When a Firestore query is sent to the server, the server replies with the documents in the result set and a "resume token". The result set and the resume token are stored locally on the client. If the same query is resumed at a later time, such as by a later call to Query.get() or a listener registered via Query.addSnapshotListener() reconnects, then the client sends the same query to the server, but this time includes the resume token. To save on network bandwidth, the server only replies with the documents that have changed since the timestamp encoded in the resume token. Additionally, if the query is resumed within 30 minutes, and persistence is enabled, then the customer is only billed for the delta, and not the entire result set (see https://firebase.google.com/docs/firestore/pricing#listens for the official and most up-to-date details on pricing).
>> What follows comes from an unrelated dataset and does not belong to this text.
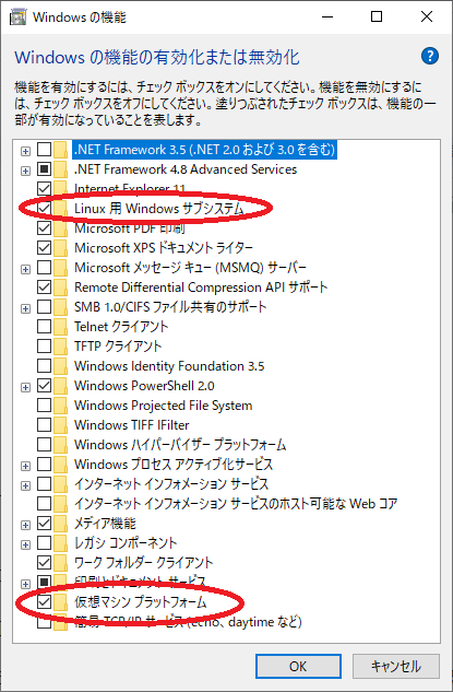下準備としてタスクバーの検索フォームから「Windowsの機能の有効化または無効化」を検索し、「Linux用Windowsサブシステム」「仮想マシンプラットフォーム」の2カ所にチェックが入っているかを確認します。入っていなければチェックを入れます。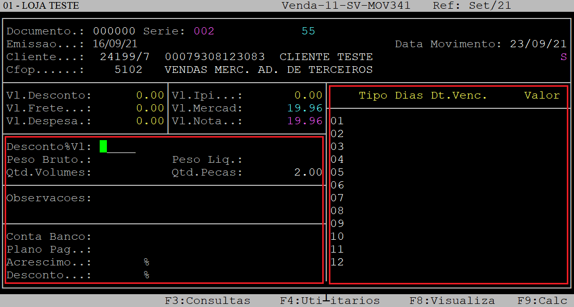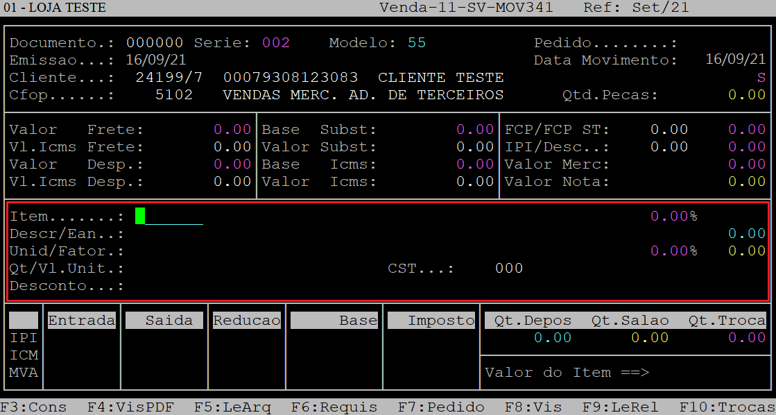 | Vendedor: | Informe o código do vendedor responsável pela venda (com três dígitos, podendo inserir zeros à esquerda), que esteja cadastrado no sistema. |

The problem is that if some documents in the result set were deleted or removed (i.e. changed to no longer match the query) then the server simply does not observe their presence in the result set and does not send updates for them. This leaves the client's cache in an inconsistent state because it still contains the deleted/removed documents. To work around this cache inconsistency, the server also replies with an "existence filter", a count of the documents that matched the query on the server. The client then compares this count with the number of documents that match the query in its local cache. If those counts are the same then all is good and the result set is raised via a snapshot; however, if the counts do not match then this is called an "existence filter mismatch" and the client re-runs the entire query from scratch, without a resume token, to figure out which documents in its local cache were deleted or removed. Then, the deleted or removed documents go into "limbo" and individual document reads are issued for each of the limbo documents to bring them into sync with the server.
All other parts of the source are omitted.